**Exercise aim:**
Could you please output all of the data exactly, without the images?
* * * * *
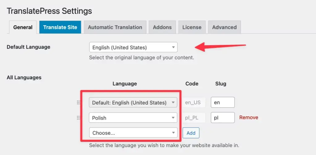 接下来,您必须告诉 TranslatePress 您想在网站上使用哪些语言。您可以在“设置”→“TranslatePress”中这样做。列表中的第一种语言是您网站的默认语言。您可以直接在其下方添加第二种语言。
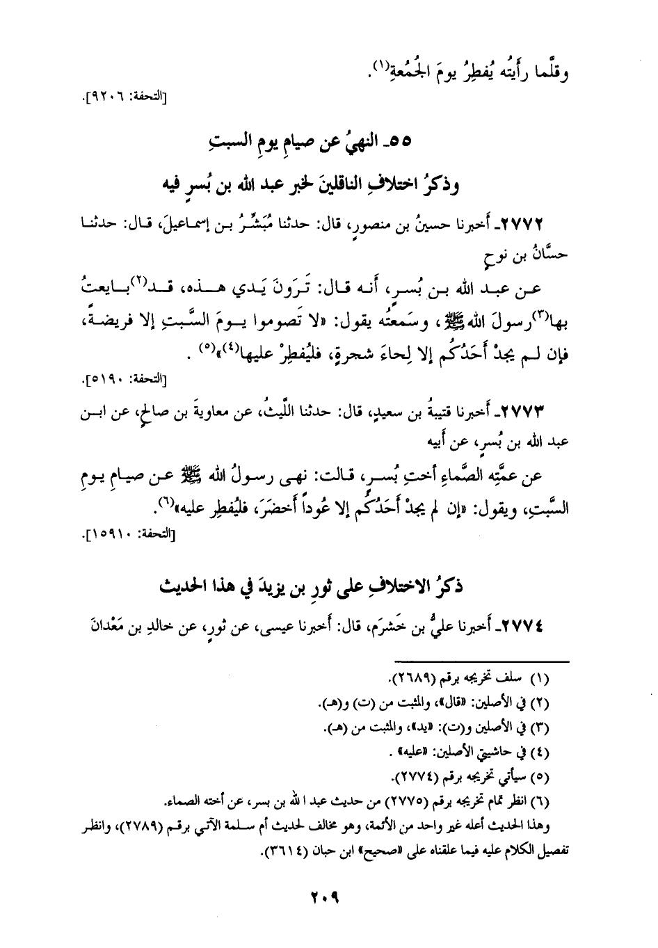 2774 - أَخْبَرَنَا عَلِيُّ بْنُ خَشْرَمٍ، قَالَ: أَخْبَرَنَا عِيسَى، عَنْ ثَوْرٍ، عَنْ خَالِدِ بْنِ مَعْدَانَ، عَنْ عَبْدِ اللهِ بْنِ بُسْرٍ، قَالَ: قَالَ رَسُولُ اللهِ صَلَّى اللهُ عَلَيْهِ وَسَلَّمَ: «§لَا تَصُومُوا يَوْمَ السَّبْتِ إِلَّا فِيمَا افْتُرِضَ عَلَيْكُمْ»
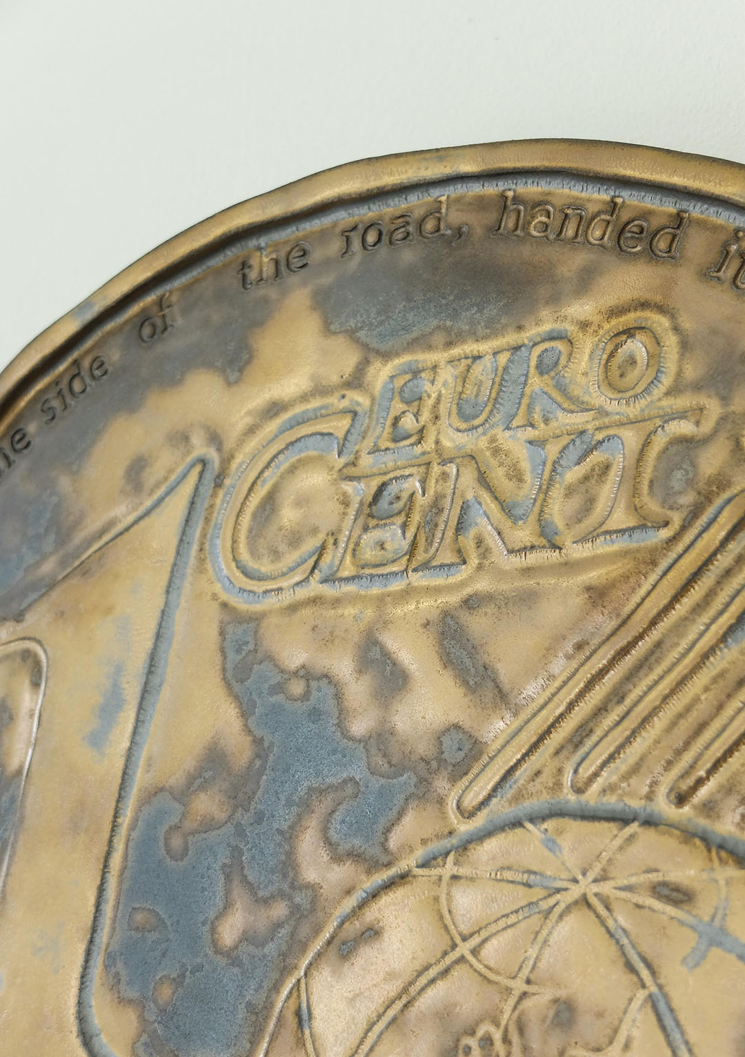 Yao Wang kommentiert mit One Cent die Absurdität des monetären Wertes. Das gleichnamige chinesische Kinderlied von 1963 lobt ein Kind, das eine gefundene Münze einem Polizisten aushändigt. Die von Wang schon im Kindergarten auswendig gelernten Liedzeilen hallen, als patriotisches Narrativ, auf der keramischen Nachbildung einer Eincentmünze nach – einer Münze, die heutzutage kaum noch jemand aufheben würde.
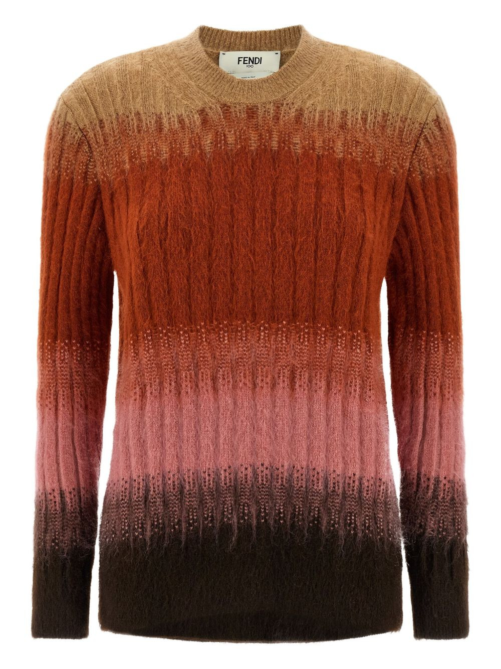 ribbed logo-embroidered knit sweater Highlights - Brown - Ribbed knit - Degrade pattern - Crew neck - Long sleeves - Logo embroidery Made in Italy Composition Mohair 67%, Polyamide 30%, Wool 3% Washing instructions Read Manufacturer Guidelines
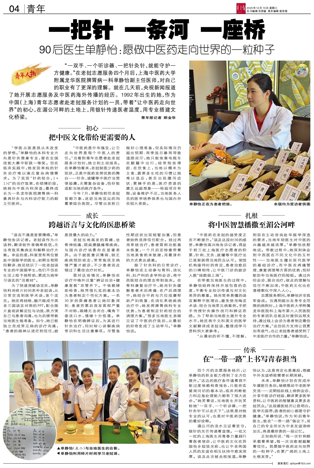“一双手、一个听诊器、一把针灸针,就能守护一方健康。”在老挝志愿服务四个月后,上海中医药大学附属龙华医院脾胃病一科单静怡副主任医师,对自己的职业有了更深的理解。就在几天前,央视新闻报道了她开
* * * * *
**Answer section:**
 接下来,您必须告诉 TranslatePress 您想在网站上使用哪些语言。您可以在“设置”→“TranslatePress”中这样做。列表中的第一种语言是您网站的默认语言。您可以直接在其下方添加第二种语言。
 2774 - أَخْبَرَنَا عَلِيُّ بْنُ خَشْرَمٍ، قَالَ: أَخْبَرَنَا عِيسَى، عَنْ ثَوْرٍ، عَنْ خَالِدِ بْنِ مَعْدَانَ، عَنْ عَبْدِ اللهِ بْنِ بُسْرٍ، قَالَ: قَالَ رَسُولُ اللهِ صَلَّى اللهُ عَلَيْهِ وَسَلَّمَ: «§لَا تَصُومُوا يَوْمَ السَّبْتِ إِلَّا فِيمَا افْتُرِضَ عَلَيْكُمْ»
 Yao Wang kommentiert mit One Cent die Absurdität des monetären Wertes. Das gleichnamige chinesische Kinderlied von 1963 lobt ein Kind, das eine gefundene Münze einem Polizisten aushändigt. Die von Wang schon im Kindergarten auswendig gelernten Liedzeilen hallen, als patriotisches Narrativ, auf der keramischen Nachbildung einer Eincentmünze nach – einer Münze, die heutzutage kaum noch jemand aufheben würde.
 ribbed logo-embroidered knit sweater Highlights - Brown - Ribbed knit - Degrade pattern - Crew neck - Long sleeves - Logo embroidery Made in Italy Composition Mohair 67%, Polyamide 30%, Wool 3% Washing instructions Read Manufacturer Guidelines
“一双手、一个听诊器、一把针灸针,就能守护一方健康。”在老挝志愿服务四个月后,上海中医药大学附属龙华医院脾胃病一科单静怡副主任医师,对自己的职业有了更深的理解。就在几天前,央视新闻报道了她开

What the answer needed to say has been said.